Question

For which of the following functions, Approx \(\mathrm{f}(\mathrm{x})\) exists : (A) \(\underset{x \rightarrow 1}{\text { Approx }} \frac{x^{2}-1}{|x-1|}\) (B) Approx \(\frac{2\\{x\\}-4}{[x]-3}\) (C) $\underset{x \rightarrow 0}{\operatorname{Approx}} \frac{1}{2-2^{\frac{1}{x}}}$ (D) None of these

Short answer

Answer: (C) \(\underset{x \rightarrow 0}{\operatorname{Approx}} \frac{1}{2-2^{\frac{1}{x}}}\)

Step-by-step solution

Case A: Limit of \(\frac{x^2 - 1}{|x - 1|}\) as \(x \rightarrow 1\)#

To simplify the expression, let's factorise the quadratic expression \((x^2-1)\) as a difference of two squares. \((x^2 - 1) = (x - 1)(x + 1)\) Now, the function can be rewritten as \(\frac{(x-1)(x+1)}{|x-1|}\). As \(x \rightarrow 1\), the function becomes undefined, so it is necessary to use another approach. Since the function has an absolute value in the denominator, let's define two cases: 1. For \(x > 1\), \(|x - 1| = x - 1\), so the function is \(\frac{(x-1)(x+1)}{x-1}\). 2. For \(x < 1\), \(|x - 1| = -(x - 1)\), so the function is \(\frac{(x-1)(x+1)}{-(x-1)}\). Now, let's find the limit for both cases: 1. As \(x \rightarrow 1\) for \(x > 1\), \(\lim_{x \rightarrow 1^+} \frac{(x-1)(x+1)}{x-1} = \lim_{x \rightarrow 1^+} (x+1) = 2\) 2. As \(x \rightarrow 1\) for \(x < 1\), \(\lim_{x \rightarrow 1^-} \frac{(x-1)(x+1)}{-(x-1)} = \lim_{x \rightarrow 1^-} -(x+1) = -2\) Since these two limits are not equal, the overall limit of the function does not exist as \(x \rightarrow 1\).
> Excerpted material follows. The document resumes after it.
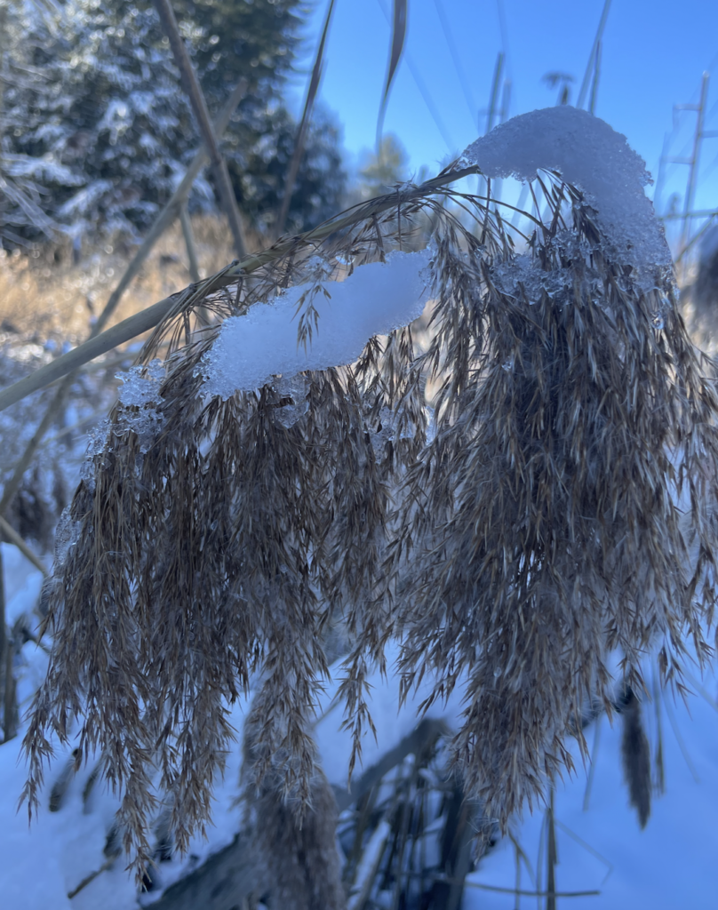 When observing my spot I noticed many phenological changes. Some that stood out to me are the trees and the cattail change. The trees are dead and are covered in snow. Furthermore, the snow has weighted down the cattails which has caused them to die. Although they died, it provides a habitat for invertebrates in the stream. By the time spring is arriving and the snow has melted, they will regrow for the new season.

Case B: Limit of approx \(\frac{2\\{x\\}-4}{[x]-3}\)#

For this function, the approx sign means that the limit isn't relevant in this context, so we won't deal with it in this case.

Case C: Limit of \(\frac{1}{2-2^{\frac{1}{x}}}\) as \(x \rightarrow 0\)#

As x approaches 0, the exponent approaches infinity. Let's examine the limit of the denominator function \(2 - 2^{\frac{1}{x}}\) as \(x \rightarrow 0\). \(\underset{x \rightarrow 0}{\operatorname{lim}} 2 - 2^{\frac{1}{x}} = 2 - 2^{\infty}\) Since \(2^{\infty}\) is an infinitely large value, the denominator will approach negative infinity. Therefore, the value of the whole fraction becomes closer to 0 as x approaches 0. The limit \(\underset{x \rightarrow 0}{\operatorname{lim}} \frac{1}{2-2^{\frac{1}{x}}} = 0\) Hence, the approximation exists in this case.

Case D: None of these#

In this part, our job is to verify if any of the given options so far resulted in an existing approximation. We found out that an approximation exists for Case C, making this option invalid.

Conclusion#

Among the given functions, an approximation exists for function (C) \(\underset{x \rightarrow 0}{\operatorname{Approx}} \frac{1}{2-2^{\frac{1}{x}}}\).